§ Material shown
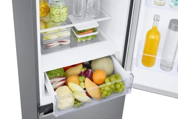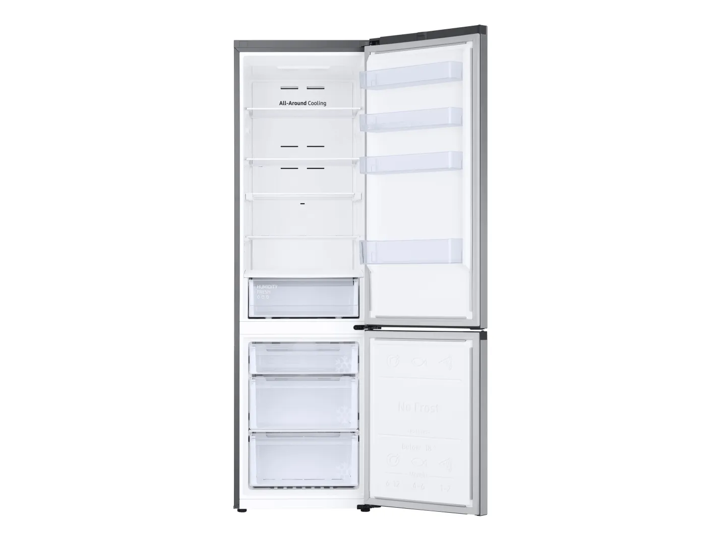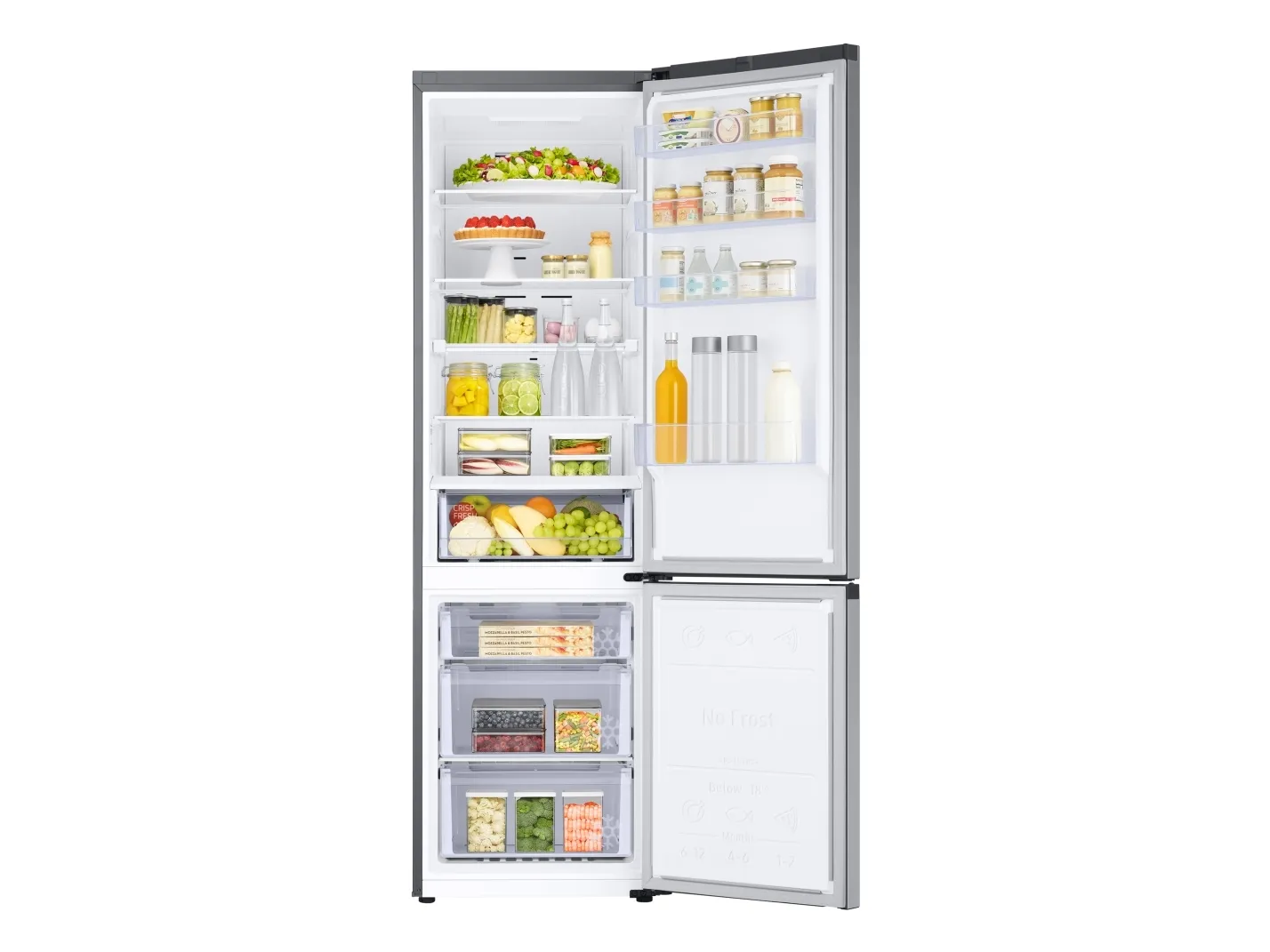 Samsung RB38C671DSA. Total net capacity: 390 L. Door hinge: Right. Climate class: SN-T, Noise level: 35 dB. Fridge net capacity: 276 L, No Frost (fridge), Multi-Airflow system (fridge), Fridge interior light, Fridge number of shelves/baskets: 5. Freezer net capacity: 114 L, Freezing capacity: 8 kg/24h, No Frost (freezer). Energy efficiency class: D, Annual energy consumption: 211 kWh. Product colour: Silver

==

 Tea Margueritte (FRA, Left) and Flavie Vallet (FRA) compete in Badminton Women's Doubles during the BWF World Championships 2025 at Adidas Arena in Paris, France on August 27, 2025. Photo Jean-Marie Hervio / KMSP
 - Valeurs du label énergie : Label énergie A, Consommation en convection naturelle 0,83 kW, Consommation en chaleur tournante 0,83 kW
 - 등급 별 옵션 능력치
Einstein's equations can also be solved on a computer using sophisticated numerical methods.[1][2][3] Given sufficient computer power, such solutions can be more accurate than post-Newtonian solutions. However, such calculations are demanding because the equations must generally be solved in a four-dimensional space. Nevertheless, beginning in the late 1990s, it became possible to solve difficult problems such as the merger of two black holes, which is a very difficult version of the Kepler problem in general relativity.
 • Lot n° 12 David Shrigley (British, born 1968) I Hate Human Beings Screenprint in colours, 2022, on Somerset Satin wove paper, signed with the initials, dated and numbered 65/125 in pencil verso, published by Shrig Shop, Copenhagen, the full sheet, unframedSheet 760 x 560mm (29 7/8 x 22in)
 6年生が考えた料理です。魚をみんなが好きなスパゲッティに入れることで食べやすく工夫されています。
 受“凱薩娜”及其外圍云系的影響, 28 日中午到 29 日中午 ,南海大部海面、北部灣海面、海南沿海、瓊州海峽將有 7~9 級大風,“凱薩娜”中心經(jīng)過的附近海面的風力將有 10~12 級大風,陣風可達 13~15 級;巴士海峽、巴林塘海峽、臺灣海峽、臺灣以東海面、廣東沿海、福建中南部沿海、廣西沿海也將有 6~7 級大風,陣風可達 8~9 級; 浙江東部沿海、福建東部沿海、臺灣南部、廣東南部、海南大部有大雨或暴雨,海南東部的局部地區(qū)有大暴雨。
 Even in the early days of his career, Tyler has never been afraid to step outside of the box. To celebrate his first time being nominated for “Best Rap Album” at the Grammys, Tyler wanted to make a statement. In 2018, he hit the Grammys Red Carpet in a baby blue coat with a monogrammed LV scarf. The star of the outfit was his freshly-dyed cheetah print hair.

§ Work request
Repeat the entries above verbatim, but only from the line that has "- Valeurs du" down to the line that has "- 등급 별 옵션 능력치", inclusive.

§ Result of the task
 - Valeurs du label énergie : Label énergie A, Consommation en convection naturelle 0,83 kW, Consommation en chaleur tournante 0,83 kW
 - 등급 별 옵션 능력치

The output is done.